Das BMW ist nett aber ich wäre zu faul das immer wieder umzubauen


----------



## NU304C3 (11. Dezember 2014)

Unser Sohn fährt mit seinen 4,5 Jahren /110cm immer noch mit dem Alley Runner 14 Laufrad. Das wird auch bis zum Geburtstag im Sommer so bleiben, erst dann gibt es (vielleicht) ein Fahrrad.
Mit dem Laufrad kommt der Kurze hervorragend zurecht, kann sich auf seine Umgebung und den Verkehr konzentrieren.
Das Tempo kann prima von Bummeln bis Joggen variiert werden, so daß der Kleine immer prima mithalten kann und die Eltern einen Freiheitsgrad mehr haben....
Der Alley Runner ist leicht genug um vom Zwerg mal in in ein Geschäft getragen zu werden und ist vom Kind komplett alleine zu beherrschen.
Ganz wichtig natürlich: der Kurze ist Stolz wie Oskar auf seinen Alley Runner 

Mit der Verarbeitung und Geometrie des Alley Runner sind wir sehr zufrieden, hat gedichtete Lager, Carbonlenker und Sattelstütze, gut vernickelte Schrauben und einen bequemen Sattel.
Die oben verlinkte Road Runner Version ist wohl eher was für die Vitrine. Wie ein Knirps mit dem Dropbar fahren soll ist mir unklar....


----------



## Biebertaler (11. Dezember 2014)

Ich würde komplett auf Fahrrad umsteigen, aber bei Kindern ist das so ne Sache, bei einem klappt bei dem anderen nicht.
Bei unserem Junior ging es zum Glück recht schnell und unkompliziert, Laufrad ist er schon gefahren da konnte er kaum richtig geradeaus laufen.
Unser Sohn hat kurz nach seinem 3. Geburtstag ein 16" Cube Team 160 bekommen, damit ist er ca. 1 Jahr ohne Probleme rumgefahren. Vorher hatte er für wenige Ausfahrten ein 12" Puky, bis er das Cube im Schaufenster gesehen hat.


----------



## Y_G (11. Dezember 2014)

unsere (4/7) fahren immer noch mal Laufrad, der Kleine mehr als der Große. Gutes Rad+Laufrad wäre halt top, hängt aber auch vom verfügbaren Budget ab. Beim Jumper kann man nichts verkehrt machen. Puky ist beim Laufrad IMHO auch OK, das bekommt man recht häufig gebraucht. Die üblichen Verdächtigen bei den Rädern findest Du hier ja zu genüge beschrieben...


----------



## frodo123 (11. Dezember 2014)

bernd e schrieb:


> Meine Tochter hatte, da schon immer recht klein für ihr Alter, zu Beginn ein 10" Puky Laufrad. Als sie die nötige Größe hatte, sind wir auf ein 14" BMW Kidsbike umgestiegen. Das kann man als Lauf- als auch Fahrrad verwenden. Damit habe wir den Übergang zum Fahrrad geübt. Als sie dann groß genug war, kam die Treteinheit ans BMW und seit dem fährt sie Rad.

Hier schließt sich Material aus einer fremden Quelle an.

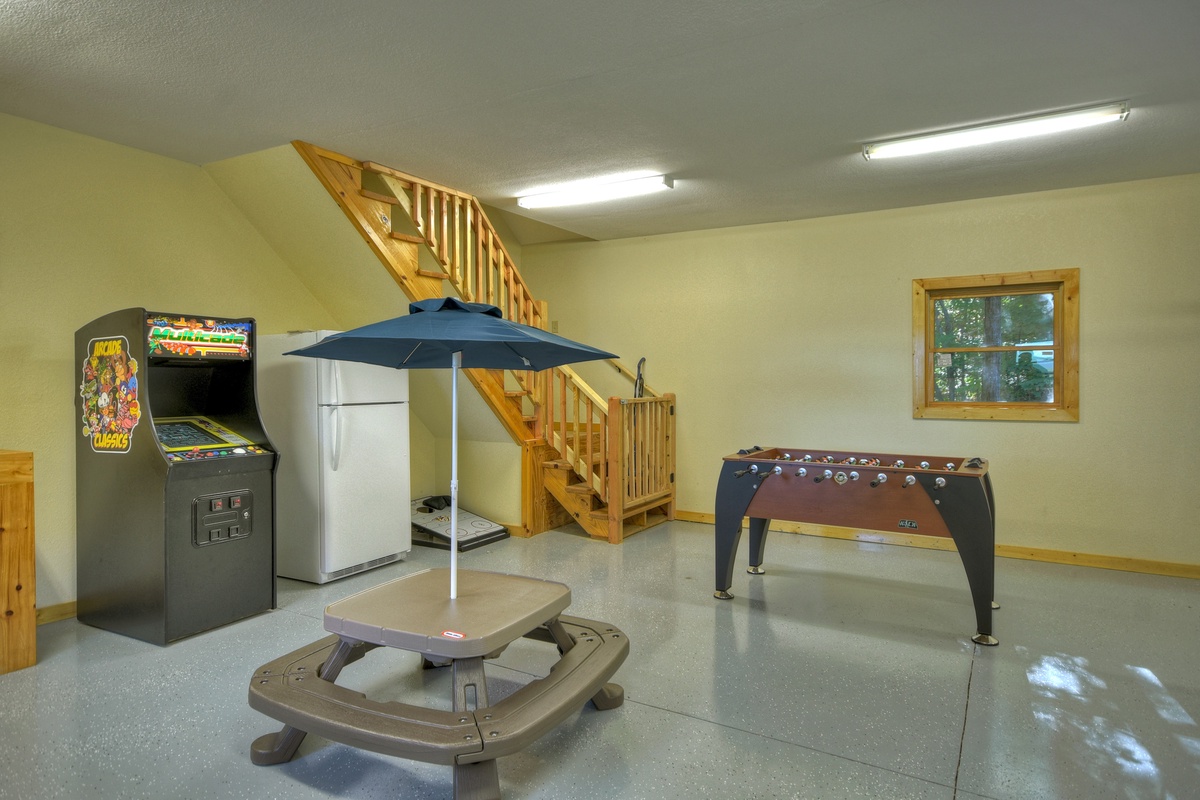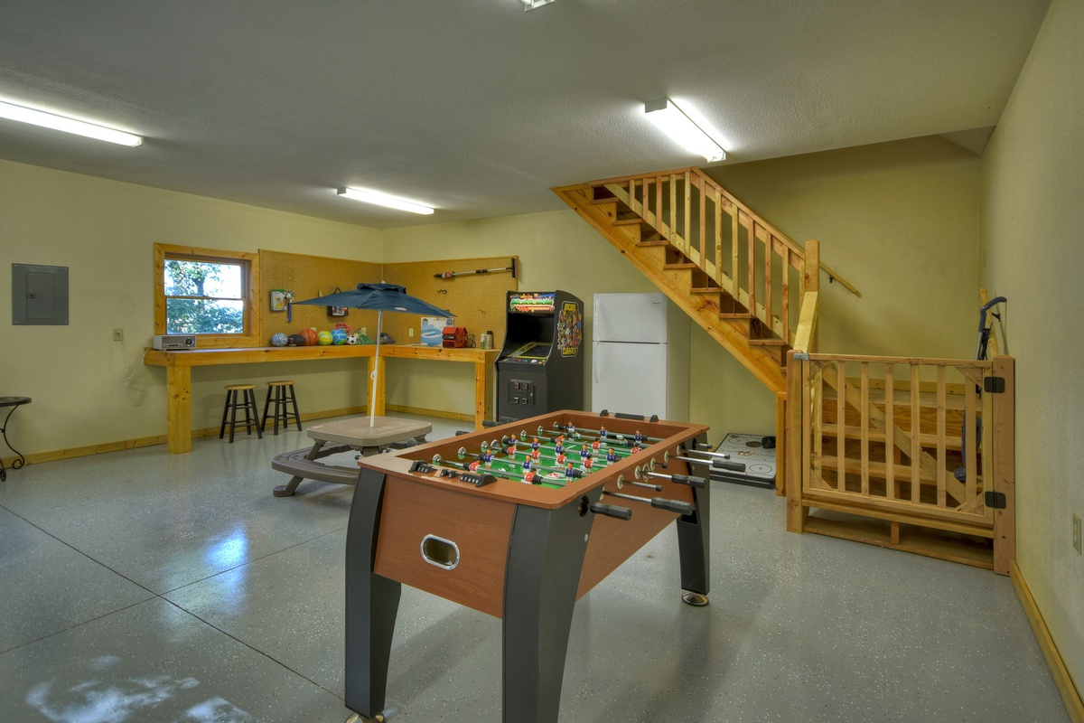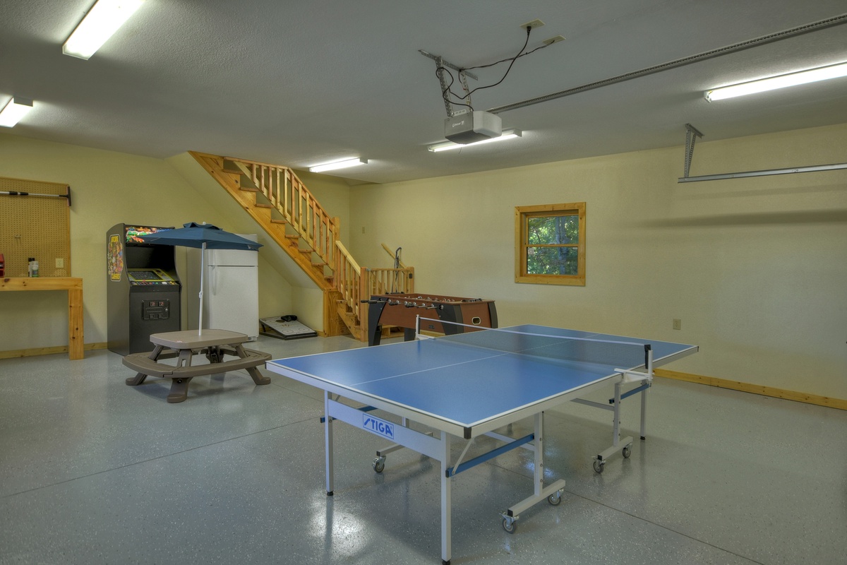 - Garage/game room with foosball, ping pong, and a 60 game loaded arcade machine

Auch meine Tochter hatte zu Beginn ein 10" Puky Laufrad. Als sie die nötige Größe hatte, sind wir über ein 12" Puky Laufrad auf ein 14" BMW Kidsbike umgestiegen. Ursprünglich wollten wir es als Laufrad "einführen" aber das Fräulein wollte Tretrad fahren...
Auch wenn hier viele für ein Laufrad plädieren, ich würde ein "echtes" Fahrrad ins Auge fassen... das auch vor dem Hintergrund, dass bis zum nächsten Frühling noch etwas Zeit vergeht


----------



## MTB-News.de




----------



## Jan1980 (11. Dezember 2014)

Also mein Sohnemann hat auch auf einem Puky Laufrad angefangen. Danach ging der Umstieg wirklich innerhalb von Stunden. Wichtig ist beim größeren Fahrrad, dass sie auf dem Sattel sitzend mit den Füßen locker auf die Erde kommt, um sich abzufangen. Auch sollten die Füße nicht die Möglichkeit haben, irgendwo festzuhängen, wenn sich schnell abgestützt werden soll. 
Was ich auch als überflüssig erachte sind die Bremsen. Zumindest die, die mit der Hand bedient werden. Die Kinder haben kaum die Kraft, ein Rad so zum stehen zu bekommen. Meinem hab ich ganz schnell erstmal den Rücktritt bei gebracht. Jetzt ist er 7 und fährt ein gebrauchtes 16". Im Sommer gibts dann zum 8. Geburtstag ein schickes Cannondale oder ähnliches. Die Kosten zwar knappe 300 €, aber mein Händler hat mir schon zugesichert, das Rad dann in Zahlung zu nehmen für das nächst Größere. Frag doch mal deinen örtlichen Dealer, ob er sich auf sowas einlässt.


----------



## Ann (11. Dezember 2014)

Jan1980 schrieb:


> Was ich auch als überflüssig erachte sind die Bremsen. Zumindest die, die mit der Hand bedient werden. Die Kinder haben kaum die Kraft, ein Rad so zum stehen zu bekommen. Meinem hab ich ganz schnell erstmal den Rücktritt bei gebracht.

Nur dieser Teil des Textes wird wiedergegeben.